> Entries shown
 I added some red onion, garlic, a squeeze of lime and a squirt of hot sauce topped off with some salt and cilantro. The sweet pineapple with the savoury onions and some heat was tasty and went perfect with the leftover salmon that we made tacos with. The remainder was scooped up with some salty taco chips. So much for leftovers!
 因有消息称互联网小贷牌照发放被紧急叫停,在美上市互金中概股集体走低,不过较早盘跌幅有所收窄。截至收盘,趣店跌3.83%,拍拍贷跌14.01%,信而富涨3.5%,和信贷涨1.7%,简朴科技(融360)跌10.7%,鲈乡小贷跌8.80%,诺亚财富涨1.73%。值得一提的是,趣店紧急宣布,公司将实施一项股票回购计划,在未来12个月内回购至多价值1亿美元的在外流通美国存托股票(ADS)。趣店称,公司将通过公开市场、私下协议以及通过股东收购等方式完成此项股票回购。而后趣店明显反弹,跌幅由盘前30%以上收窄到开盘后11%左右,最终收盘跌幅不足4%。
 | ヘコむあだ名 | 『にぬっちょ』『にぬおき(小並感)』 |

* * *

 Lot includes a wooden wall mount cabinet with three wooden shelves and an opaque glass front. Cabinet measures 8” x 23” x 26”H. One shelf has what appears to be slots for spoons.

---

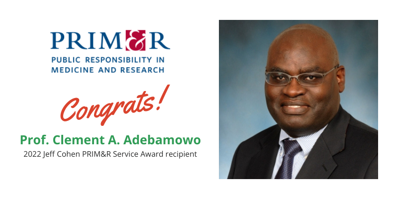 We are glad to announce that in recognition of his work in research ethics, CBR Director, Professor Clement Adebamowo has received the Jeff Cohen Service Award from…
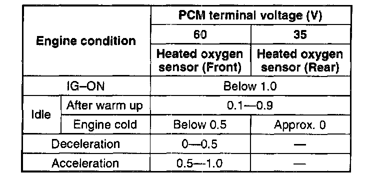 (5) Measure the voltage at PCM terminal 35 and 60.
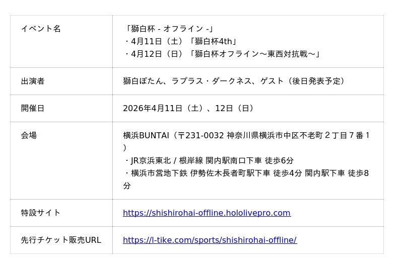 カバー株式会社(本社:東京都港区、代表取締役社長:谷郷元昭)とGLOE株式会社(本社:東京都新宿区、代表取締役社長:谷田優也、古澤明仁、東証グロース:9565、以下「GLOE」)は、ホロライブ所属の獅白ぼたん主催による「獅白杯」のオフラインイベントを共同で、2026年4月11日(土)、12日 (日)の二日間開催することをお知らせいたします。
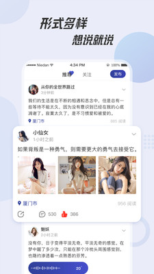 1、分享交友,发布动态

> Your instructions
Show every line above in which the word "with" is found.

> Response to the task
 I added some red onion, garlic, a squeeze of lime and a squirt of hot sauce topped off with some salt and cilantro. The sweet pineapple with the savoury onions and some heat was tasty and went perfect with the leftover salmon that we made tacos with. The remainder was scooped up with some salty taco chips. So much for leftovers!
 Lot includes a wooden wall mount cabinet with three wooden shelves and an opaque glass front. Cabinet measures 8” x 23” x 26”H. One shelf has what appears to be slots for spoons.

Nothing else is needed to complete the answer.